Failed nodes will be automatically removed after 72 hours. This can happen if a node does not shutdown cleanly or if the process supervisor does not give the agent long enough to gracefully leave the cluster. Until then, Consul periodically tries to reconnect to the failed node. After 72 hours, Consul will reap failed nodes and stop trying to reconnect.
This sequence can be accelerated with the [`force-leave`](/docs/commands/force-leave.html) command. Nodes running as servers will be removed from the Raft quorum. Force-leave may also be used to remove nodes that have accidentally joined the datacenter. Force-leave can only be applied to the nodes in its respective datacenter and cannot be executed on the nodes outside the datacenter.

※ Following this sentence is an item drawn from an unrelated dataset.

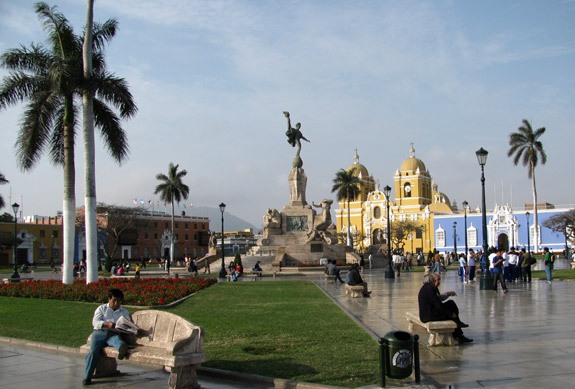 Трухильо является центром департамента Либертад, находящегося на севере страны. Город расположен в устье реки Моче на побережье Тихого океана примерно в 56 км от столицы Лимы. Будучи третьим по значимости и по величине городом государства, он является также центром северной части Перу. Значительное развитие здесь получила промышленность, представленная предприятиями химической, пищевкусовой, кожевенной, текстильной и целлюлозно-бумажной отраслей. В Трухильо построены заводы, занимающиеся сборкой тракторов и автомобилей, к западу от города расположены активно разрабатываемые залежи меди. Не менее развито здесь и сельское хозяйство. Поля кукурузы и пшеницы, окружающие город, обеспечивают зерновыми несколько близлежащих провинций. Трухильо известен своими конезаводами, на которых разводят перуанских скакунов. Каждый год в сентябре здесь проводятся соревнования по езде на этих лошадях, которые организовываются собственниками конезаводов и обычно приурочены к местному фестивалю весны. Местность, на которой расположен Трухильо, имеет очень древнюю историю. Поселения индейцев появились на этом месте во II веке до н.э. Первоначально здесь активно развивалась культура мочика, получившая своё название в честь местной реки Моче. К этому периоду относятся сохранившиеся до нашего времени пирамиды Луны и Солнца. Основными видами деятельности у индейцев мочика были сельское хозяйство и обработка металлов, преимущественно золота и серебра. На смену этой цивилизации в XIII столетии пришло государство Чимор. Свидетельство его существования также сохранилось до нашего времени в виде развалин древнего города Чан-Чан. В период своего расцвета его территория достигала Лимы на юге и границ Эквадора на севере. В развитии ремёсел индейцы культуры чиму достигли значительных высот. Они массово производили изделия из золота и различных сплавов, керамику и ткани, из которых шилась одежда, изготавливались шатры и ковры. В XV веке Чимор, как и прочие государства Южной Америки, не избежал экспансии инков. Основание города Трухильо произошло в 1535 году по указу Франциско Писарро, основавшего также и Лиму. Город получил название в честь родины Писарро – небольшого городка в испанской провинции Эстремадура. Достаточно быстро город заселили испанские идальго, которые построили здесь свои особняки и усадьбы, многие из которых до сих пор являются архитектурным украшением Трухильо. Благодаря этим красивейшим постройкам, а также многочисленным церквям и храмам город получил звание красивейшего и богатейшего в Перу того времени. Здесь любили отдыхать представители знати во время их путешествия из Лимы в Кито. Во времена борьбы за освобождение от гнёта Испании Трухильо прославился прежде всего тем, что именно он первым объявил свою независимость. Возможно, поэтому центральная площадь города получила название площадь Оружия. В её центре в 1820 году была выстроена статуя свободы в память о том, что этот город стал оплотом независимости, и здесь располагалась штаб-квартира одного из лидеров борьбы Симона Боливара. Серьёзная трагедия постигла город в 1970 году, когда сильнейшее землетрясение нанесло значительный урон многим строениям, в том числе и историческим памятникам архитектуры. Стараниями местным властей все они были отстроены, поэтому Трухил

Alternately, servers can be removed using [`remove-peer`](/docs/commands/operator/raft.html#remove-peer) if `force-leave` is not effective in removing the nodes.
If the leader is affected by an outage, then read the [outage recovery](/docs/guides/outage.html) guide. Depending on your scenario, several options for recovery may be possible.
To remove all agents that accidentally joined the wrong set of servers, clear out the contents of the data directory (`-data-dir`) on both client and server nodes.
The [Autopilot](/docs/guides/autopilot.html) (Enterprise) feature automatically cleans up dead servers instead of waiting 72 hours. Dead servers will periodically be cleaned up and removed from the Raft peer set, to prevent them from interfering with the quorum size and leader elections.
Removing any server must be done carefully. For a cluster of `N` servers to function properly, `(N/2) + 1` must be available. Before removing an old server from the cluster, the new server must be added in order to make the cluster failure tolerant. The old server can then be removed.